And we have already sent apostles before thee: of some we have told thee, and of others we have told thee nothing:[1] but no apostle had the power to work a miracle unless by the leave of God. But when God's behest cometh, everything will be decided with truth: and then they perish who treated it as a vain thing.

It is God who hath given you the cattle that on some of them ye may ride, and of some may eat:

80(Other advantages too do ye derive from them)—and that by them ye may effect the projects ye cherish in your breasts; for on them, and on ships are ye borne:

And He sheweth you His signs: which, then, of the signs of God will ye deny?

Have they not journeyed in this land, and seen what hath been the end of those who flourished before them? More were they than these in number and mightier in strength, and greater are the traces of their power remaining in the land:[2] yet their labours availed them nothing.

And when their apostles had come to them with the tokens of their mission, they exulted in what they possessed of knowledge; but that retribution at which they scoffed, encompassed them.

And when they beheld our vengeance they said, “We believe in God alone, and we disbelieve in the deities we once associated with Him.”

But their faith, after they had witnessed our vengeance, profited them not. Such the procedure of God with regard to his servants who flourished of old. And then the unbelievers perished.

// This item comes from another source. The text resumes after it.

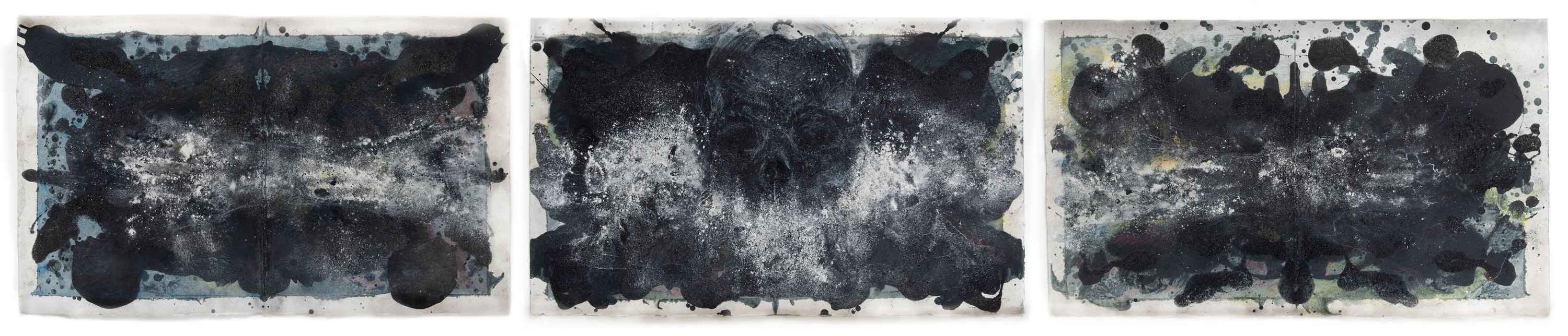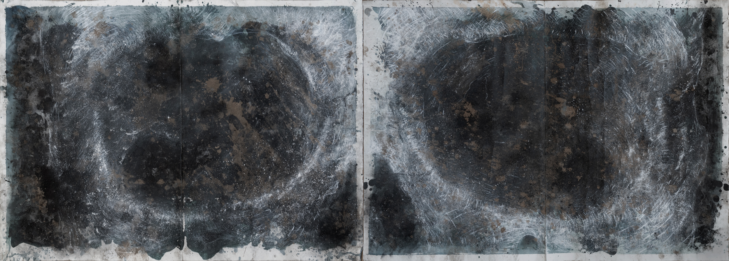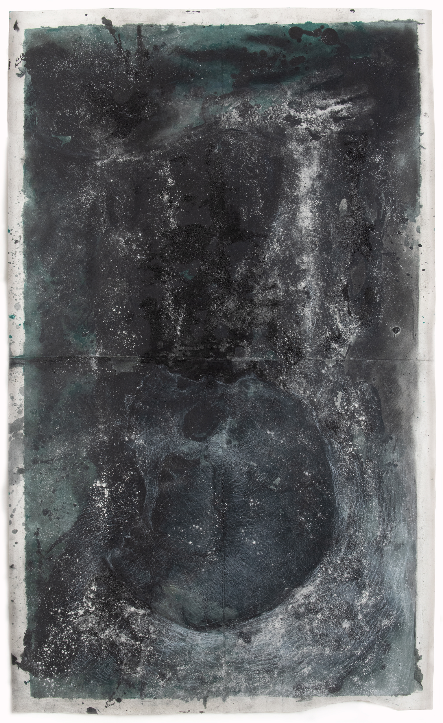I employ a broad range of mark-making techniques including body prints, collage, drawn marks and the layering of multiple materials (blackboard paint, soil, builders chalk, oxides, twigs and leaves, charcoal and burnt ashes). Together these layered material surfaces and marks generate delicate, performative renditions of the human skull that, from afar, appear near ethereal and ghostlike, much like X-rays. In this way the works become self-contradictory, visually uniting the material and the immaterial (or spiritual) in the singular: once the viewer steps closer the image a disappears in a haze of near painterly layers and gestural marks, revealing its deeply material constitution. Moreover because the work is completed on blackboard paint it signals the possibility of provisionality and easy erasure – things appear and disappear indeed.

  1. It is possible that Muhamtnad, conscious of his ignorance of Jewish history, intends in this verse to screen himself from the charge of passing over the histories of many of their prophets.
  2. The wealth of Mecca, although it still numbered about 12,000 inhabitants (as well as of Arabia generally), had much declined at the time of Muhammad, owing mainly to the navigation of the Red Sea, under the Roman dominion over Egypt, which of course impoverished the tribes situated on the line of the old mercantile route southward. Mecca, however, was still to a certain extent prosperous. Comp. Sura [lxi.] xliii. 28.